Measures conditional on the data¶

  1. PPV, positive predictive value $P(Y=1 ~|~ \hat Y=1)$.
    • Also called the precision
  2. NPV, negative predictive value $P(Y=0 ~|~ \hat Y =0)$.

Other measures¶

  1. DLR+, diagnostic likelihood ratio of a positive prediction $P(\hat Y=1 ~|~ Y=1) / P(\hat Y=1 ~|~ Y= 0)$ is also the sensitivity over one minus the specificity, i.e. the true positive rate divided by the false positive rate.
  2. DLR-, diagnostic likelihood ratio of a negative prediction $P(\hat Y=0 ~|~ Y=1) / P(\hat Y=0 ~|~ Y=0)$ is one minus the sensitivity divided by the specificity or the false negative rate divided by the true negative rate.
  3. The disease prevalence is $P(Y=1)$ (and, generally less discussed, the prediction disease prevalance $P(\hat Y =1)$.)
  4. The accuracy is $P(\hat Y = y) = P(\hat Y = 1 ~|~ Y = 1) P(Y = 1) + P(\hat Y = 0 ~|~ Y = 0) P(Y = 0)$, which is the sensitivity times the prevalence plus the specificity times one minus the prevalance.
Role of sampling in estimation¶
  • If you have a cross-sectional sample, then all of these quatities are directly estimable.
  • If the data were sampled by disease status, or data was augmented to force outcome balance, then $Y$ should be conditioned and the sensitivity, specificity and DLR+/- are directly estimable.
    • You can obtain the PPV and NPV using Bayes' rule given a disease prevalance.
  • In a rare setting where the design fixes the prediction result, the NPV and PPV would be directly estimable and one would have to use the prevalance of a positive prediction and Bayes' rule to obtain the sensitivity and specificity.
  • Accuracy depends on the prevalence, so imbalance in the outcome categories bounds a reasonable accuracy.

Basic example¶

A study comparing the efficacy of HIV tests, reports on an experiment which concluded that HIV antibody tests have a sensitivity of 99.7% and a specificity of 98.5%.

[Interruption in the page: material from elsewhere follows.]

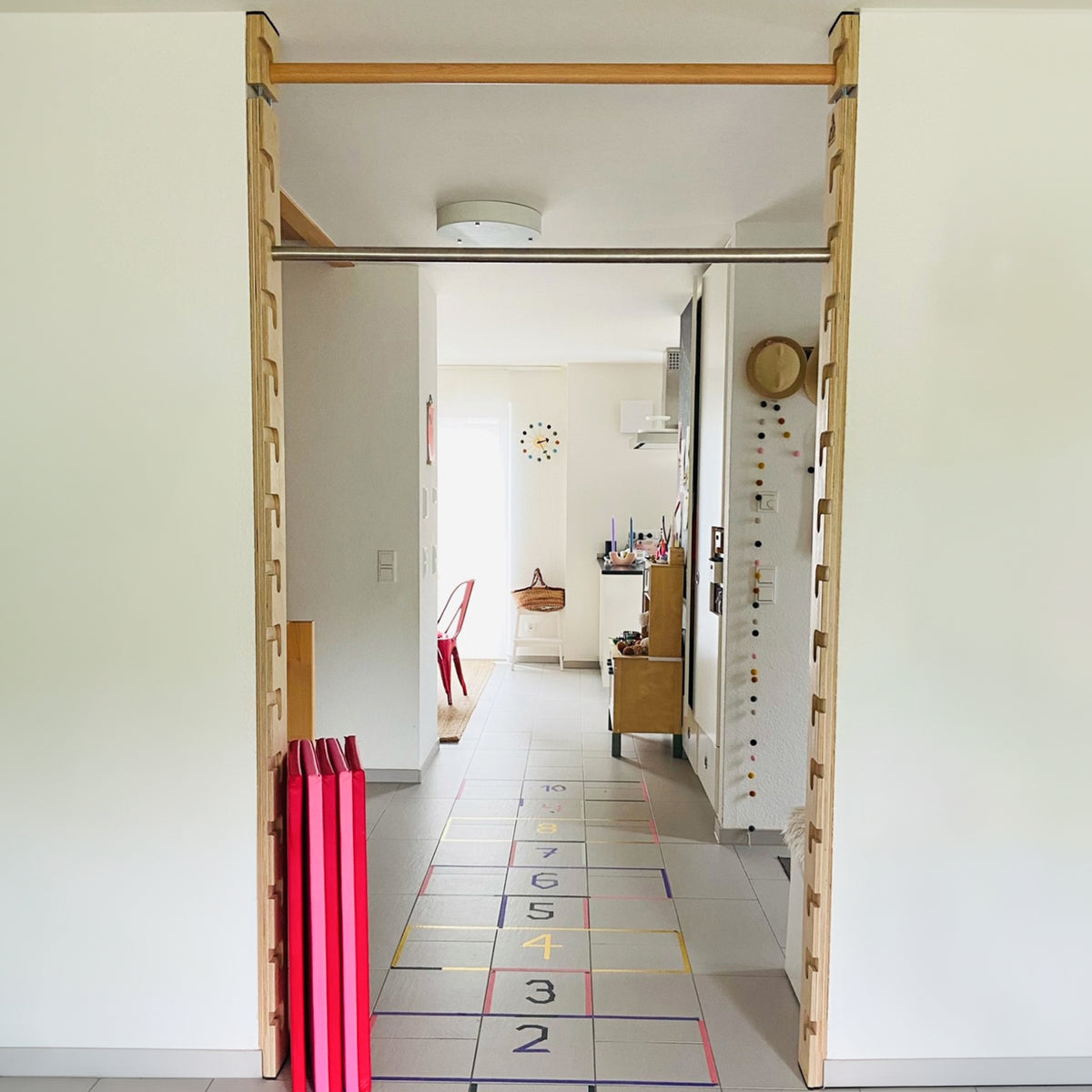 Ein kleiner Hinweis noch: Die Seitenteile der Sprossenwand stehen dann etwas aus dem Türrahmen hervor. Schau am besten nochmal, ob es eventuell Probleme mit deiner Türklinke geben könnte. Der Abstand zwischen Türklinke und Türrahmen sollte 3,2 cm betragen.

Suppose that a subject, from a population with a .1% prevalence of HIV, receives a positive test result. What is the positive predictive value?

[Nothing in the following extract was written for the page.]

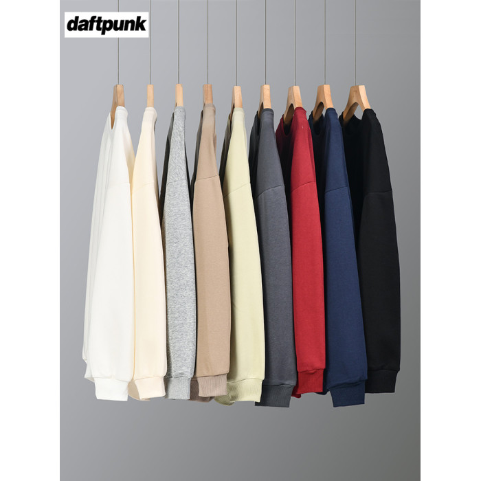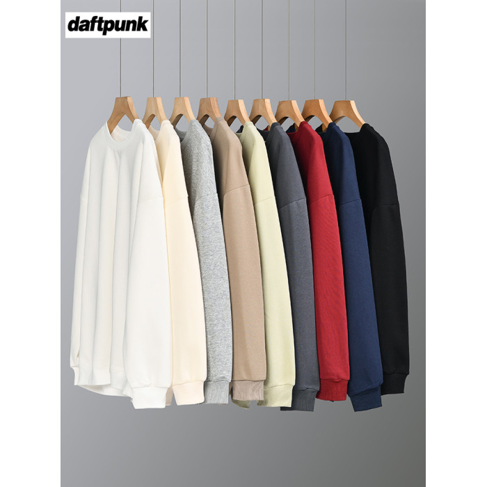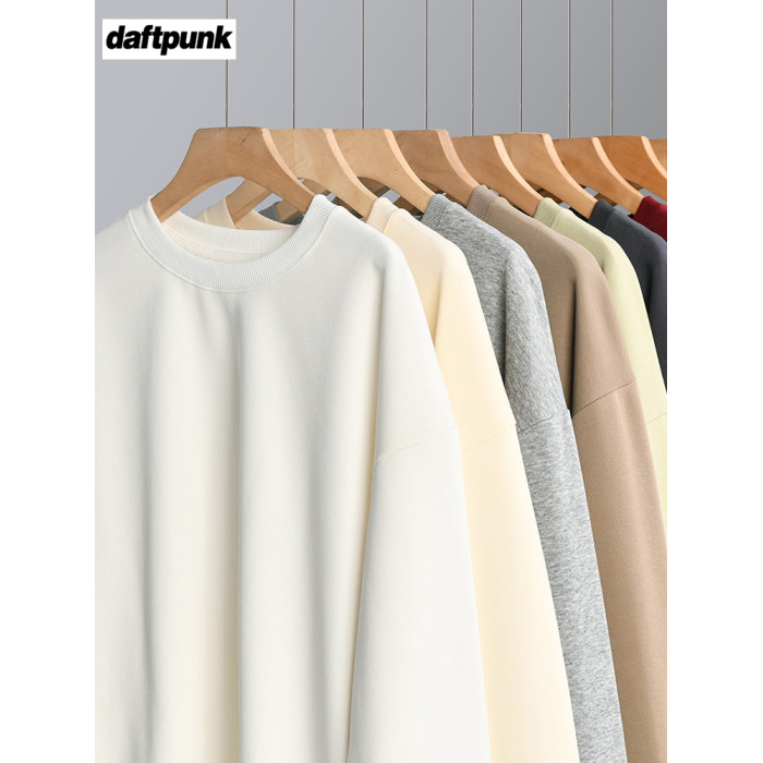 美式320g重磅純色圓領衛衣男女秋季ins潮牌寬松休閒簡約情侶上衣

  • Mathematically, we want $P(Y=1 | \hat Y=1)$
  • We have:
    • the sensitivity,
    $$P(\hat Y=1 | Y=1) = .997$$
    • the specificity,
    $$P(\hat Y=0 | Y=0) =0.985$$
    • the prevalence
    $$P(Y=1) =0.001$$

Bayes's rule¶

$$ \begin{align*} \small P(Y=1 ~|~ \hat Y =1) & = \frac{\small P(\hat Y =1 ~|~ Y=1)\small P(Y=1)}{\small P(\hat Y=1~|~Y=1)\small P(Y=1) + \small P(\hat Y=1 ~|~ Y=0)\small P(Y=0)}\\ & = \frac{\small P(\hat Y=1|Y=1)\small P(Y=1)}{\small P(\hat Y=1|Y=1)\small P(Y=1) + (1 - \small P(\hat Y=0 ~|~ Y = 0))(1 - \small P(Y=1))} \\ & = \frac{\small .997\times .001}{\small .997 \times .001 + .015 \times .999}\ = \small .062 \end{align*} $$

DLR¶

$$ P(Y = 1 ~|~ \hat Y = 1) = \frac{P(\hat Y=1~|~ Y = 1)P(Y=1)}{P(\hat Y=1)} $$

and

$$ P(Y=0 ~|~ \hat Y=1) = \frac{P(\hat Y=1 ~|~ Y=0)P(Y=0)}{P(\hat Y=1)}. $$$$ \frac{P(Y = 1 ~|~ \hat Y=1)}{P(Y=0 ~|~ \hat Y=1)} = \frac{P(\hat Y = 1 ~|~ Y=1)}{P(\hat Y = 1 ~|~ Y=0)}\times \frac{P(Y=1)}{P(Y=0)} $$

DLR continued¶

  • In other words, the post test odds of disease is the pretest odds of disease times the $DLR_+$.
  • Similarly, $DLR_-$ relates the decrease in the odds of the disease after a negative test result to the odds of disease prior to the test.
  • DLRs are the factors by which you multiply your pretest odds to get your post test odds.

DLR+ example¶

  • Suppose a subject has a positive HIV test, $DLR_+ = .997 / (1 - .985) = 66$.
  • The result of the positive test is that the odds of disease is now 66 times the pretest odds.
  • Or, equivalently, the hypothesis of disease is 66 times more supported by the data than the hypothesis of no disease

DRL- example¶

  • Suppose instead that a subject has a negative test result.
  • Then $DLR_- = (1 - .997) / .985 =.003$
  • Therefore, the post-test odds of disease is now 0.3% of the pretest odds given the negative test.
  • Or, the hypothesis of disease is supported $.003$ times that of the hypothesis of absence of disease given the negative test result

ROC curves¶

  • The measures covered above require a binary diagnostic value. Typically our ML algorithms give a range.
  • Often 50% (estimated more likely than not) is not a reasonable cutoff.
  • ROC curves consider the sensitivity and 1-specificity; i.e. the true positive and false positive rate, for all possible cutoffs
In [8]:
import pandas as pd
dat = pd.read_csv("https://raw.githubusercontent.com/bcaffo"\
    "/ds4bme_intro/master/data/oasis.csv")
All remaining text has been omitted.